- _WORK REQUEST_: Restate the data below word for word, omitting pictures.

- _THE DATA_:
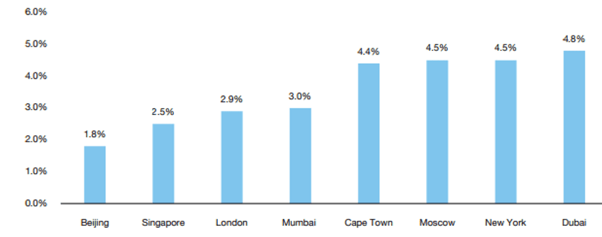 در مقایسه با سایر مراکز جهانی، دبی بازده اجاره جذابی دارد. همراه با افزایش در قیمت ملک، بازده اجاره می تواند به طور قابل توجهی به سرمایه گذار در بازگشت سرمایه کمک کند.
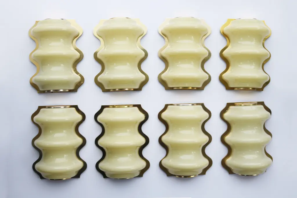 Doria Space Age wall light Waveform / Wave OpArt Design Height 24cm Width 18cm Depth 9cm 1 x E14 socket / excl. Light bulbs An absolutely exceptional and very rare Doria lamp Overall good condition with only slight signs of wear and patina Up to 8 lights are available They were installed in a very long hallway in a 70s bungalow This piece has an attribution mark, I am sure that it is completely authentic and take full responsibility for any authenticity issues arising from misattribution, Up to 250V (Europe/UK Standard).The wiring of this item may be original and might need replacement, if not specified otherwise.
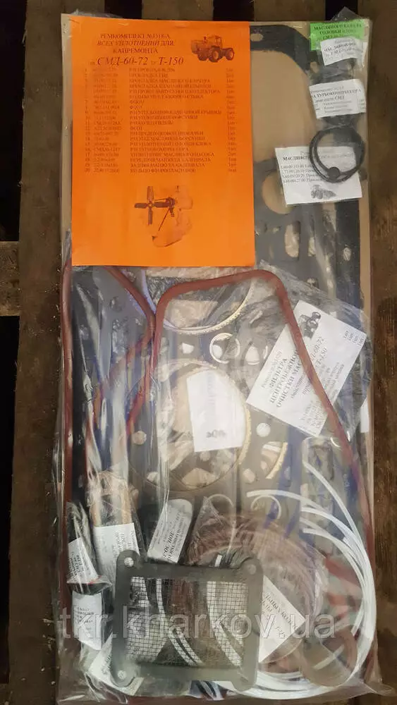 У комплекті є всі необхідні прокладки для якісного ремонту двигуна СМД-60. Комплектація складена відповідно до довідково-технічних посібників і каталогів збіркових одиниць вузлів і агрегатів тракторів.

- _YOUR RESPONSE_:
 در مقایسه با سایر مراکز جهانی، دبی بازده اجاره جذابی دارد. همراه با افزایش در قیمت ملک، بازده اجاره می تواند به طور قابل توجهی به سرمایه گذار در بازگشت سرمایه کمک کند.
 Doria Space Age wall light Waveform / Wave OpArt Design Height 24cm Width 18cm Depth 9cm 1 x E14 socket / excl. Light bulbs An absolutely exceptional and very rare Doria lamp Overall good condition with only slight signs of wear and patina Up to 8 lights are available They were installed in a very long hallway in a 70s bungalow This piece has an attribution mark, I am sure that it is completely authentic and take full responsibility for any authenticity issues arising from misattribution, Up to 250V (Europe/UK Standard).The wiring of this item may be original and might need replacement, if not specified otherwise.
 У комплекті є всі необхідні прокладки для якісного ремонту двигуна СМД-60. Комплектація складена відповідно до довідково-технічних посібників і каталогів збіркових одиниць вузлів і агрегатів тракторів.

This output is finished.